Sports Betting Strategies: Machine Learning

IG Quant Research
IG Quant Research
Published in
3 min readJan 27, 2020

Machine learning has become accessible and widely used. Through languages like Python one can easily import sklearn, et al and experiment with different models.

In this article we are going to talk how we use supervised learning and unsupervised learning techniques to produce betting tips/signals.

Outlier detection — Unsupervised Learning

One of our goals is to find potential inefficiencies in the market. Every bookmaker has to deal with mispriced odds, using outlier detection techniques we try to find these odds before they are completely corrected.

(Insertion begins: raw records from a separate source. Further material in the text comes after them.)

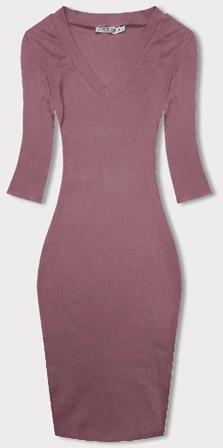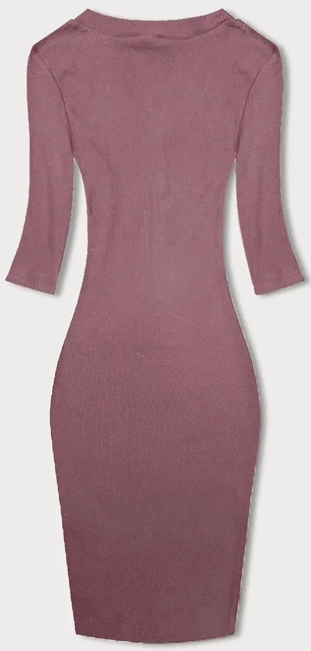 Vypasované žebrované dámské šaty ve špinavě růžové barvě model 19447285 - Factory Price
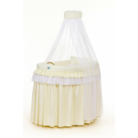 1 kép Mózeskosár fonott függönyös kiságy - Kis herceg krémszínű
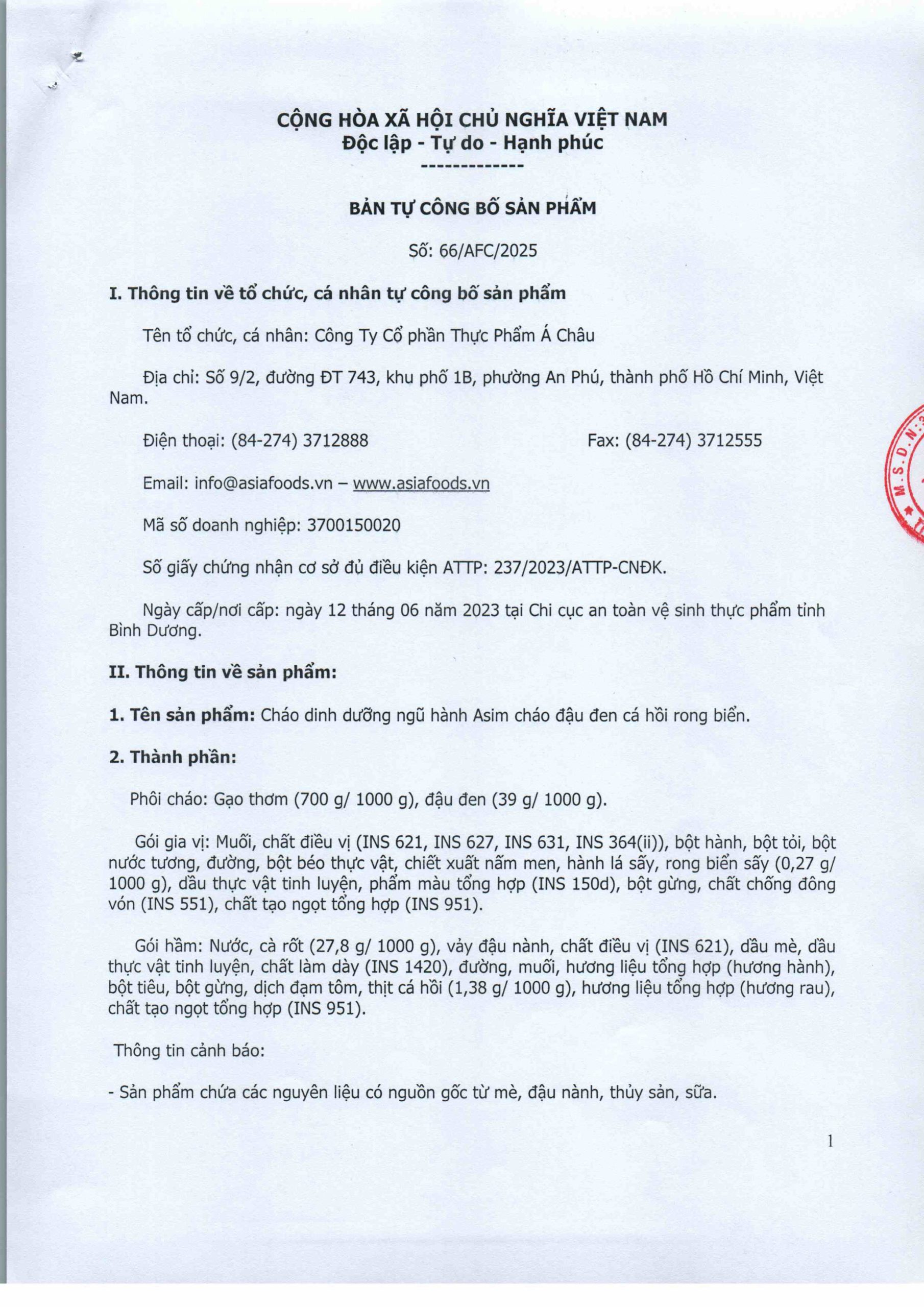 66AFC2025-CHÁO DINH DƯỠNG NGŨ HÀNH ASIM CHÁO ĐẬU ĐEN CÁ HỒI RONG BIỂN

We analyze the odd timeseries for each bet using z-scores(variance and mean calculated with the Welford Algorithm) and more complex models such as Isolation Forests to detect outliers. This process will output real time alerts and data to be used by our filter/forecast models detailed below.

Isolation Forest

Supervised Learning — Filtering and Forecasting

For each different sport we have different goals when using Supervised Learning. This is because we have different ranges of data for each sports. Our base dataset for each sport is composed by player/team and tournament/league statistics plus bookmaker data(odd timeseries of different houses). We also use the outputs of the anomaly detection models as a feature/input for ours models. Each sport has its own data preparation process consisting on cleaning, labeling and standardizing data.

For sports like Tennis or Soccer we use binary classification to filter out bad tips, meaning, if our models predict a different outcome from the one forecasted by our tipsters, the tip is not realized as a bet.

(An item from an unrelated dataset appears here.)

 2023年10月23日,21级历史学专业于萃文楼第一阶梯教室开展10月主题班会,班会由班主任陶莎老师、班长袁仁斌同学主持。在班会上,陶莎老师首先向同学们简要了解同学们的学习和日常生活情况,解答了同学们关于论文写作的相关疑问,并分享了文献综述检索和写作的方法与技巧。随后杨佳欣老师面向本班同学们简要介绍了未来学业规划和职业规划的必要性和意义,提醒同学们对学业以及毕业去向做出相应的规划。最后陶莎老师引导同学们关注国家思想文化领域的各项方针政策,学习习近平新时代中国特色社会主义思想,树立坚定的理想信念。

For sports like Volleyball or Handball we try to forecast the outcome of the match. We try to find convergence between the tips produced by out tipsters and our models.

We use a mix of different models, currently we obtain the best f-scores using Random Forests and Support Vector Machines with a Radial kernel. Generalized linear models and pricinpal component analysis are also used to improve our results through better feature selection.

Support Vector Machines w/ different kernels.

Betting with the Machine Learning models

The first thought most bettors/gamblers have when applying machine learning to sports betting is to try to forecast match results and bet on it. We have found that by using our models outputs for Handicap, Number of Sets/Games or Number of Goals/Points betting we have bigger accuracy and returns than betting on result. This is specially true for football betting, where betting on match result is rarely a good idea. For example, if the model forecasts the favorite will loose, one may conclude that the probability of a disputed game (high number of points) is higher.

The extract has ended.